Task to complete:
In your output, repeat each entry exactly and include no pictures.

Input records:
Segment Open

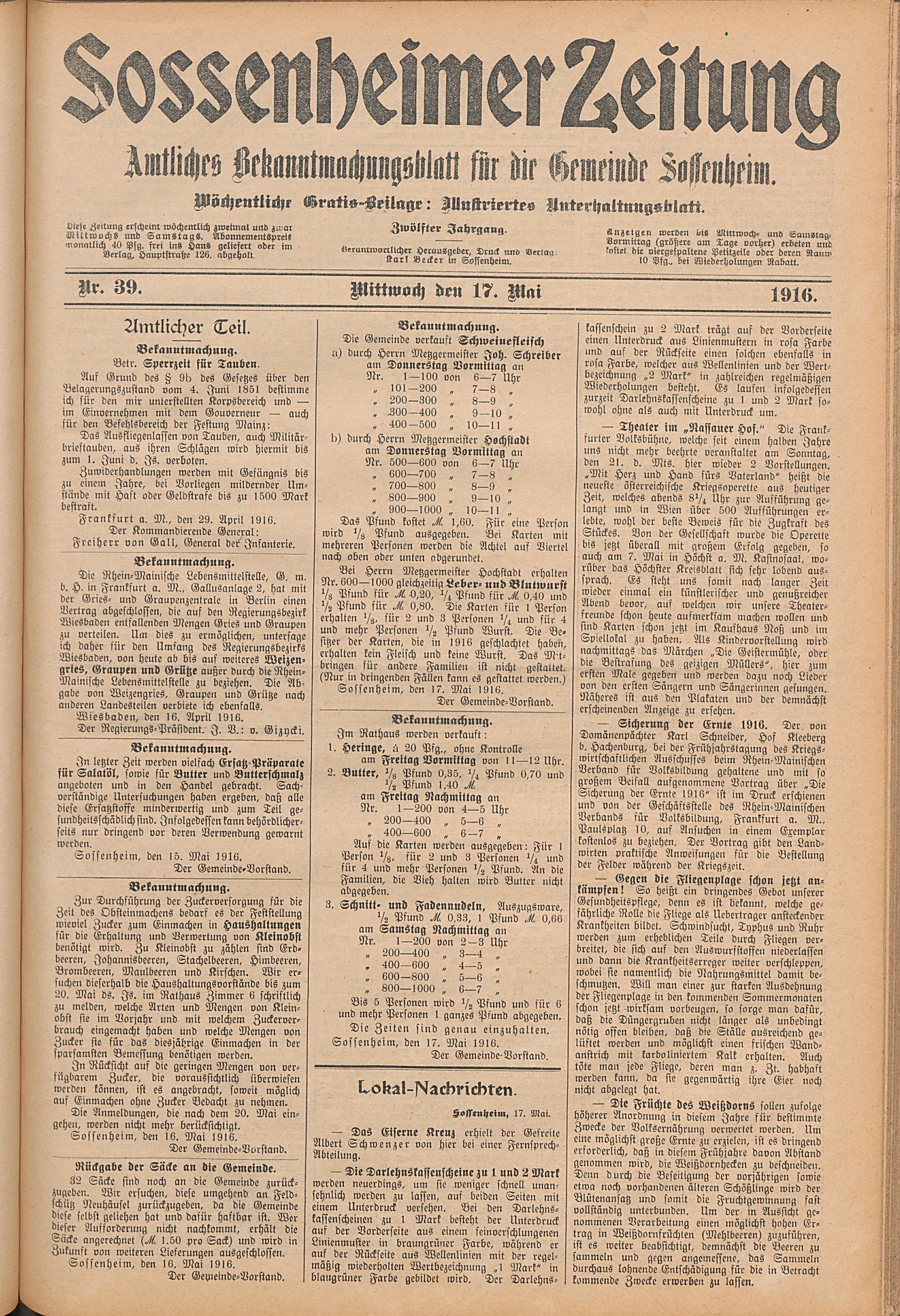 Sossenheimer Zeitung. 1906-1927
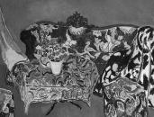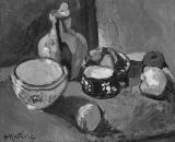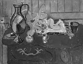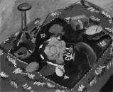 Посуда и фрукты на красно-черном ковре 61х73; холст, масло |
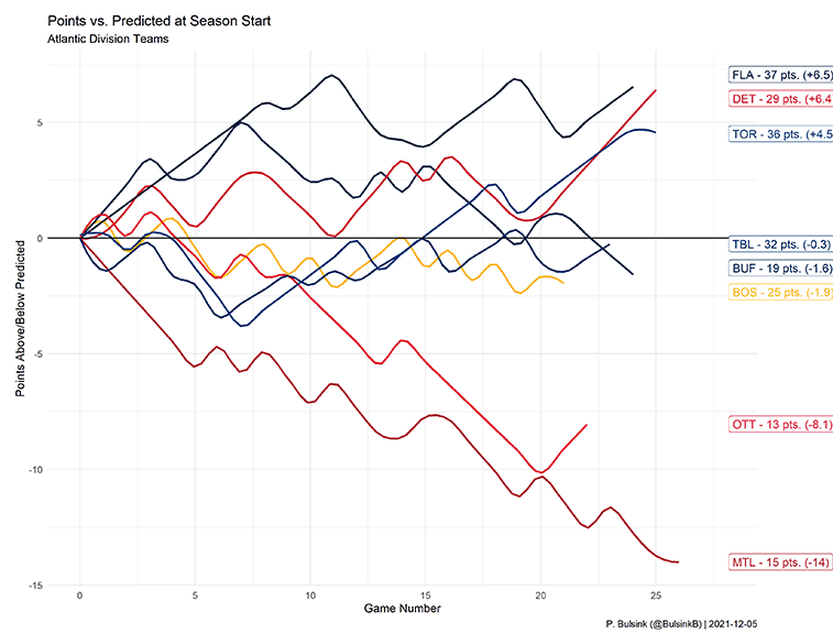 Bulsink: Using data to review the first quarter of the NHL season and project the remaining schedule
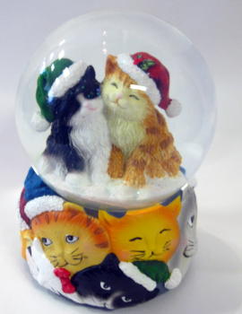 Boite à musique -Sur un socle sculpté de têtes de chats de noël, une boule enneigée au son de la musique ` we wish you a merry chrismas`, dim 11 cm de large et 14 cm de haut.
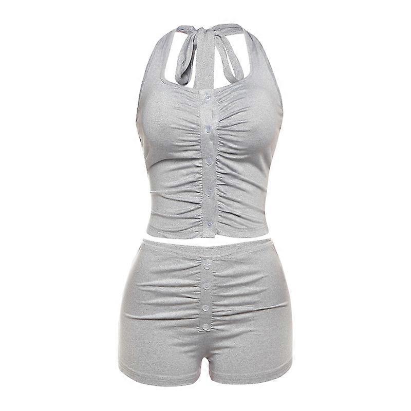 Summer Women's Sexy Halter Neck Tie-Waist Pleated Tank Top and Shorts Set
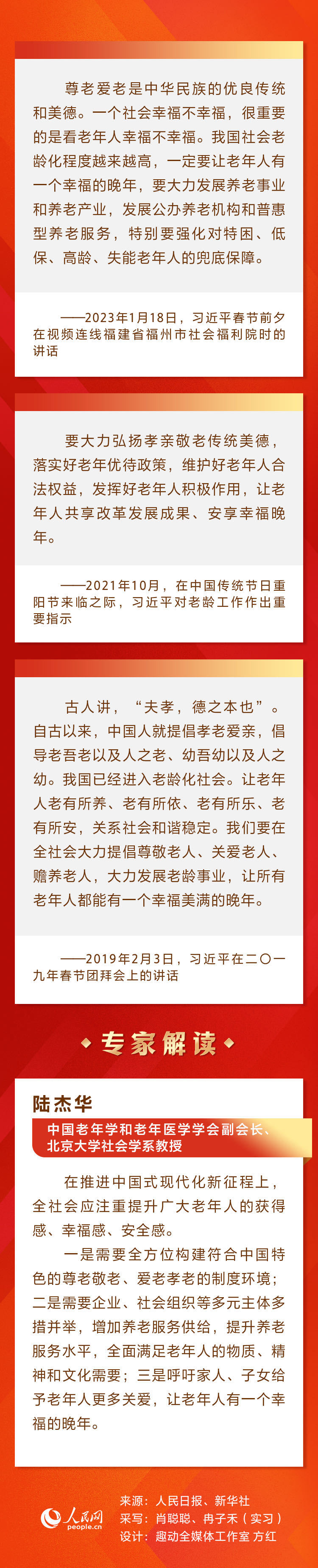 党的十八大以来,习近平总书记作出一系列高瞻远瞩的重要指示,规划部署国家老龄事业发展和养老体系建设。人民网带您重温习近平总书记重要论述并邀请专家解读。
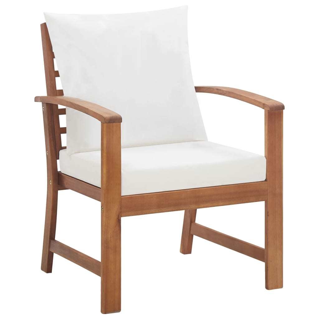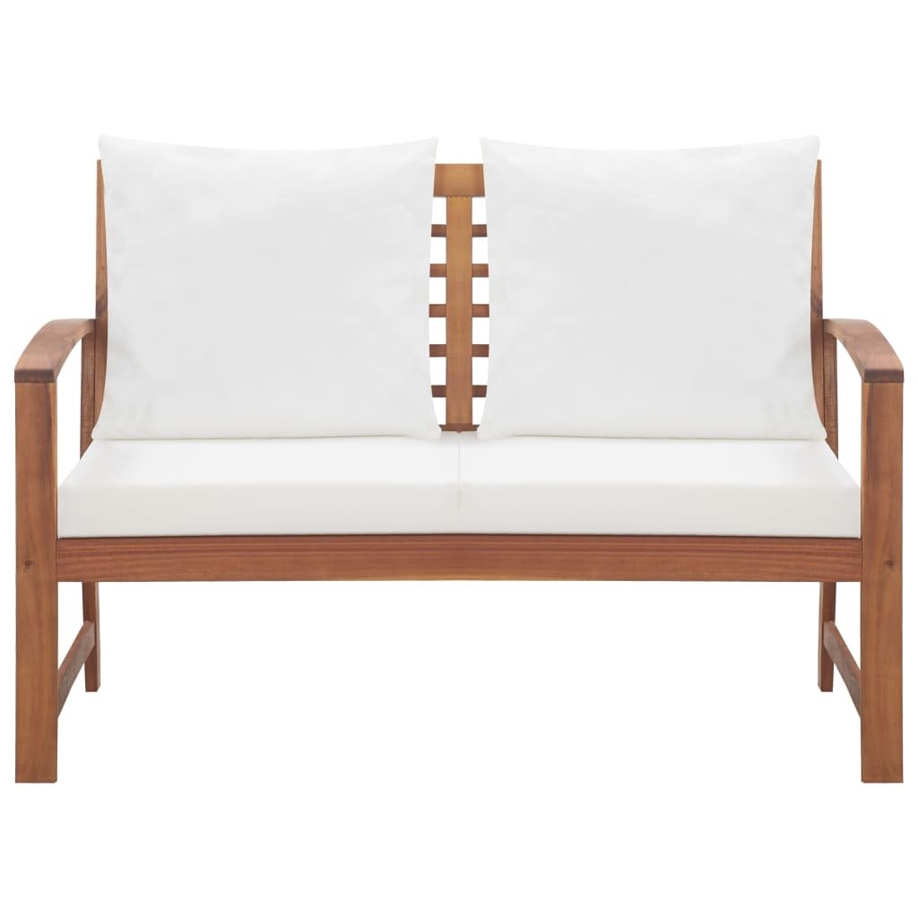 Delivery includes 1 table, 1 bench, 2 chairs, 4 seat cushions and 4 back cushions. The garden furniture set needs assembly.Cushion Color: Cream whiteMaterial: Solid acacia wood with an oil finishCushion cover material: 100% polyesterTable dimensions: 39.4" x 19.7" x 13" (L x W x H)Bench dimensions: 47.2" x 24" x 31.9" (W x D x H)Chair dimensions: 23.8" x 24" x 31.9" (W x D x H)Seat width of bench: 43.1"Seat width of chair: 19.9"Seat depth: 17.9"Seat height from the ground: 12.6"Armrest height from the ground: 23.4"Seat cushion thickness: 3.1"Back cushion thickness: 5.9"Delivery contains:1 x Table1 x Bench2 x Chair4 x Seat cushion4 x Back cushion
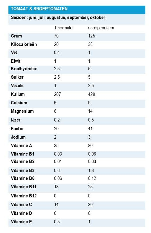 Tomaat bevat... vet, eiwit, koolhydraten vezels, natrium, kalium, calcium, magnesium, ijzer, jodium, fosfor, vitaminen A, C, E, K en B-complex (behalve B12).
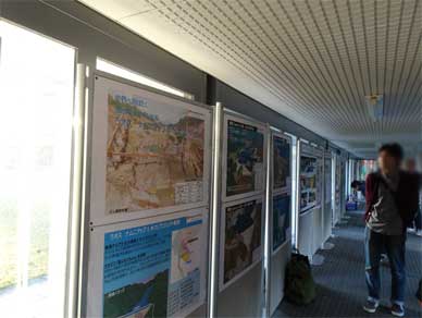 渡り廊下に並ぶ展示パネルです。
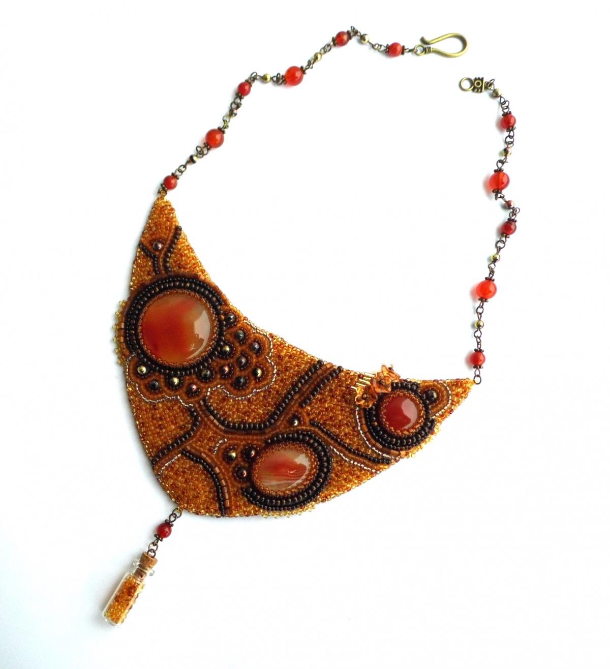 Вот в ней и воспоминания: всех бисеринок по штучке Симпатичное колье. Отмечу незавершенные окружности вокруг кабошона: смотрится хорошо, облегчает восприятие картинки
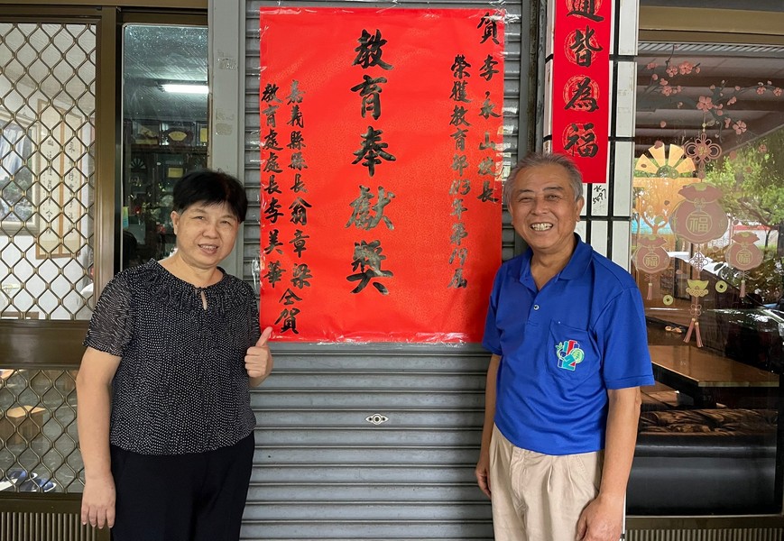 太保國小退休校長李永山榮獲教育奉獻獎,教育處長李美華代表縣長翁章梁到府貼榜祝賀。(圖/嘉義縣政府提供)
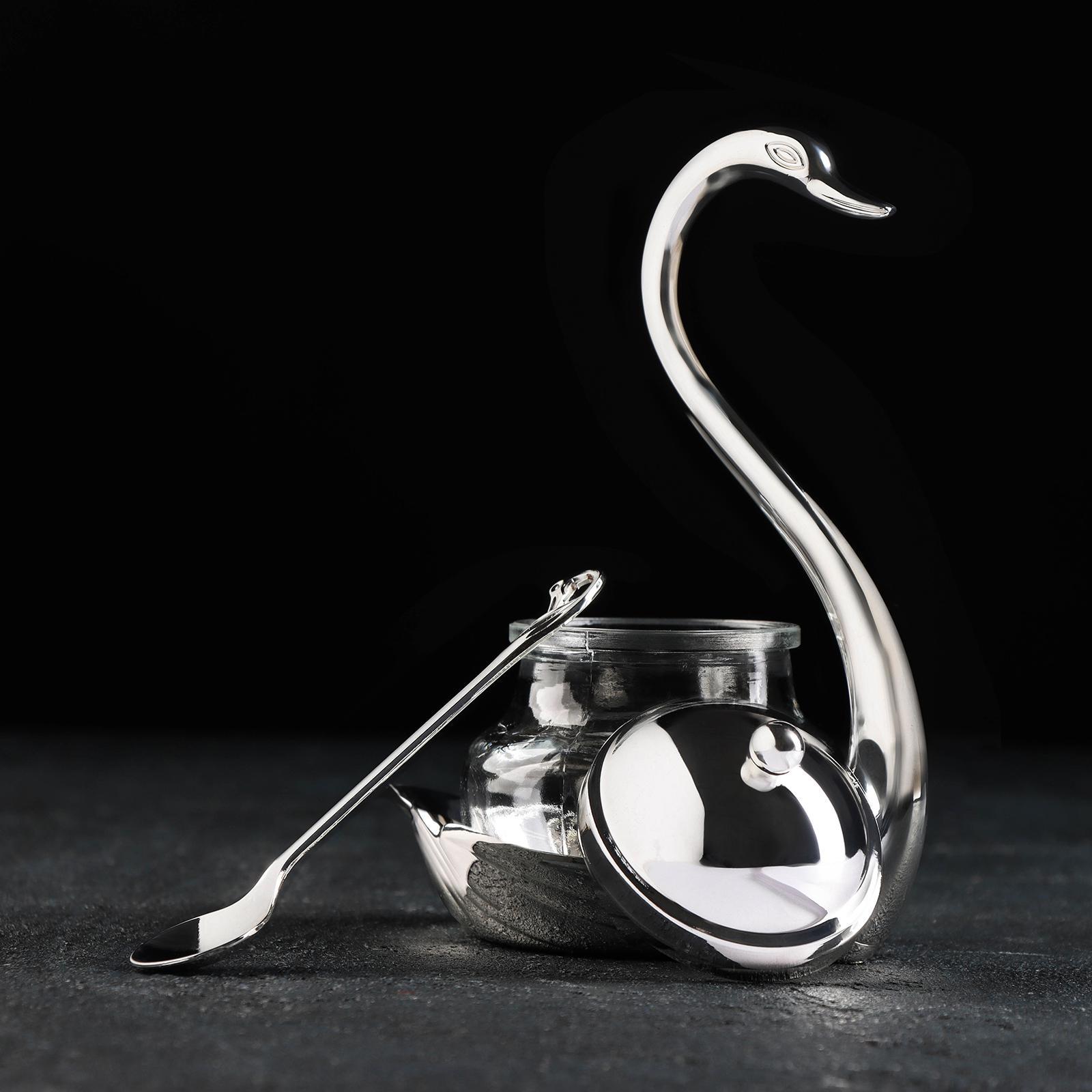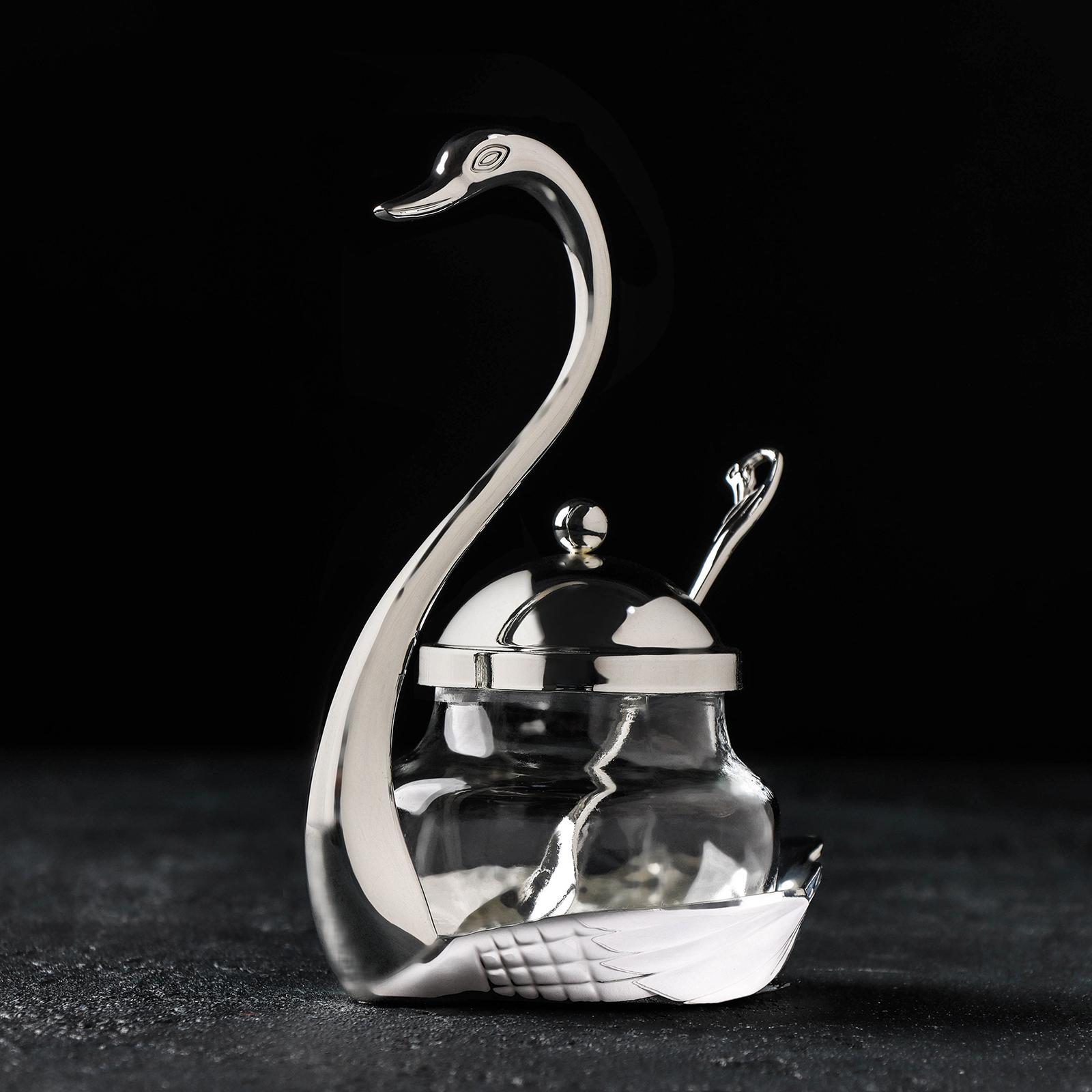 Сахарница «лебедь», 150 мл, 11,5x8x16 см, с ложкой, цвет металла серебряный
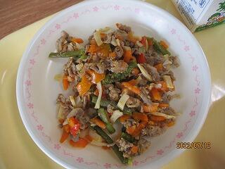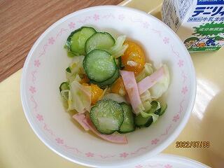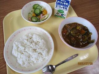 ● ごはん ● 夏野菜のカレー ● ミカンサラダ ● 牛乳 でした。
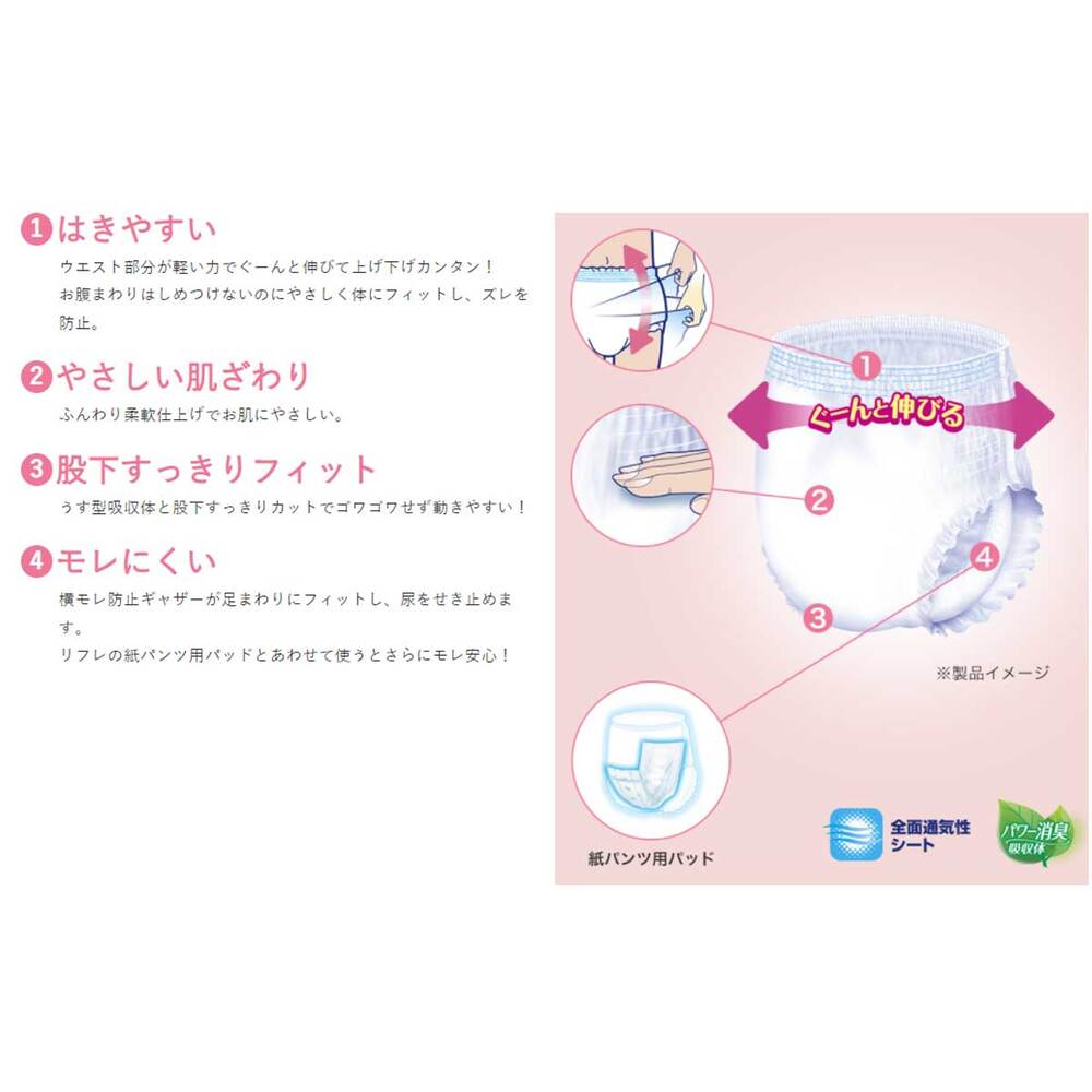 ●モレにくい横モレ防止ギャザーが足まわりにフィットし、尿をせき止めます。リフレの紙パンツ用パッドとあわせて使うとさらにモレ安心。

Segment Closed

Exercise response:
 Sossenheimer Zeitung. 1906-1927
 Посуда и фрукты на красно-черном ковре 61х73; холст, масло |
 Bulsink: Using data to review the first quarter of the NHL season and project the remaining schedule
 Boite à musique -Sur un socle sculpté de têtes de chats de noël, une boule enneigée au son de la musique ` we wish you a merry chrismas`, dim 11 cm de large et 14 cm de haut.
 Summer Women's Sexy Halter Neck Tie-Waist Pleated Tank Top and Shorts Set
 党的十八大以来,习近平总书记作出一系列高瞻远瞩的重要指示,规划部署国家老龄事业发展和养老体系建设。人民网带您重温习近平总书记重要论述并邀请专家解读。
 Delivery includes 1 table, 1 bench, 2 chairs, 4 seat cushions and 4 back cushions. The garden furniture set needs assembly.Cushion Color: Cream whiteMaterial: Solid acacia wood with an oil finishCushion cover material: 100% polyesterTable dimensions: 39.4" x 19.7" x 13" (L x W x H)Bench dimensions: 47.2" x 24" x 31.9" (W x D x H)Chair dimensions: 23.8" x 24" x 31.9" (W x D x H)Seat width of bench: 43.1"Seat width of chair: 19.9"Seat depth: 17.9"Seat height from the ground: 12.6"Armrest height from the ground: 23.4"Seat cushion thickness: 3.1"Back cushion thickness: 5.9"Delivery contains:1 x Table1 x Bench2 x Chair4 x Seat cushion4 x Back cushion
 Tomaat bevat... vet, eiwit, koolhydraten vezels, natrium, kalium, calcium, magnesium, ijzer, jodium, fosfor, vitaminen A, C, E, K en B-complex (behalve B12).
 渡り廊下に並ぶ展示パネルです。
 Вот в ней и воспоминания: всех бисеринок по штучке Симпатичное колье. Отмечу незавершенные окружности вокруг кабошона: смотрится хорошо, облегчает восприятие картинки
 太保國小退休校長李永山榮獲教育奉獻獎,教育處長李美華代表縣長翁章梁到府貼榜祝賀。(圖/嘉義縣政府提供)
 Сахарница «лебедь», 150 мл, 11,5x8x16 см, с ложкой, цвет металла серебряный
 ● ごはん ● 夏野菜のカレー ● ミカンサラダ ● 牛乳 でした。
 ●モレにくい横モレ防止ギャザーが足まわりにフィットし、尿をせき止めます。リフレの紙パンツ用パッドとあわせて使うとさらにモレ安心。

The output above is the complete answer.